With exchanges becoming a focus as the FTX fiasco continues, a new research paper suggested that almost three out of four transactions in unregulated exchanges are fake.
A working paper titled “Crypto Wash Trading” was recently published by the National Bureau of Economic Research (NBER). Using statistical and behavioral patterns to determine which transactions were legitimate or not, the paper studied 29 unregulated exchanges and came to a conclusion that, on average, more than 70% of the volume within the platforms are wash trades.
The researchers found that some exchanges’ wash trading volume goes as high as 80% of the total trading volume. The researchers wrote that in twelve “tier-2 exchanges,” wash trades amounted to almost 80% of the total trade volume. The researchers wrote:
“These estimates translate into wash trading of over 4.5 trillion USD in spot markets and over 1.5 Trillion USD in derivatives markets in the first quarter of 2020 alone.”

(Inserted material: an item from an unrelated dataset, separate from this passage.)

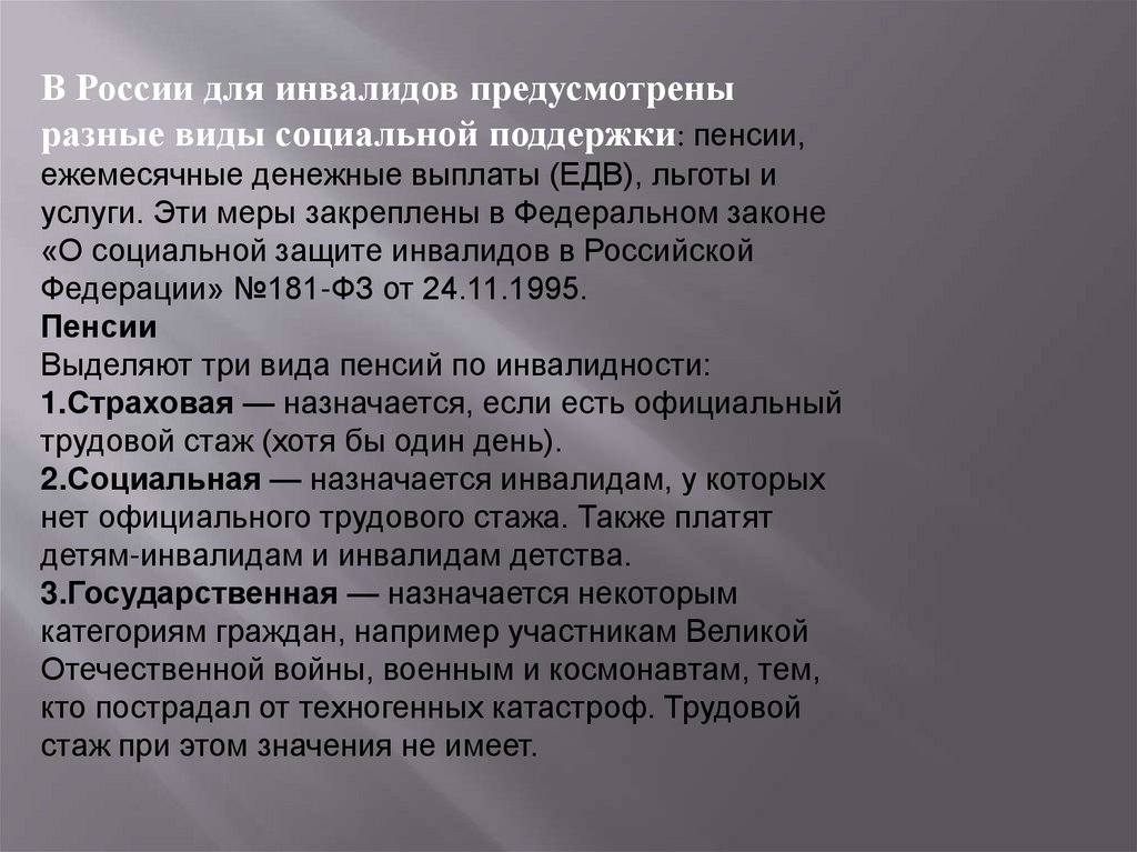 В России для инвалидов предусмотреныразные виды социальной поддержки: пенсии,

According to the researchers, there are short-term incentives for wash trading. The study suggested that fake transactions often impact the rankings of the exchanges on data and statistics websites like CoinMarketCap. In addition, fake transactions also affect the crypto prices within the exchanges over the short term.
Related: 40% of 40K respondents plan to buy crypto in 2023: Blockchain.com survey
Meanwhile, the FTX debacle continues to gain attention as wallets linked to Alameda Research have shown movements, funneling around $1.7 million in assets through crypto mixers. The movements were observed days after the former FTX CEO Sam Bankman-Fried was released on a $250 million bond.
As the FTX collapse damaged people’s trust in centralized exchanges (CEXs), executives working on CEXs have voiced their sentiments on how they could win back user trust. On Nov. 25, Cointelegraph spoke with various leaders within crypto exchanges and found that many are positive that the industry can still recover post-FTX.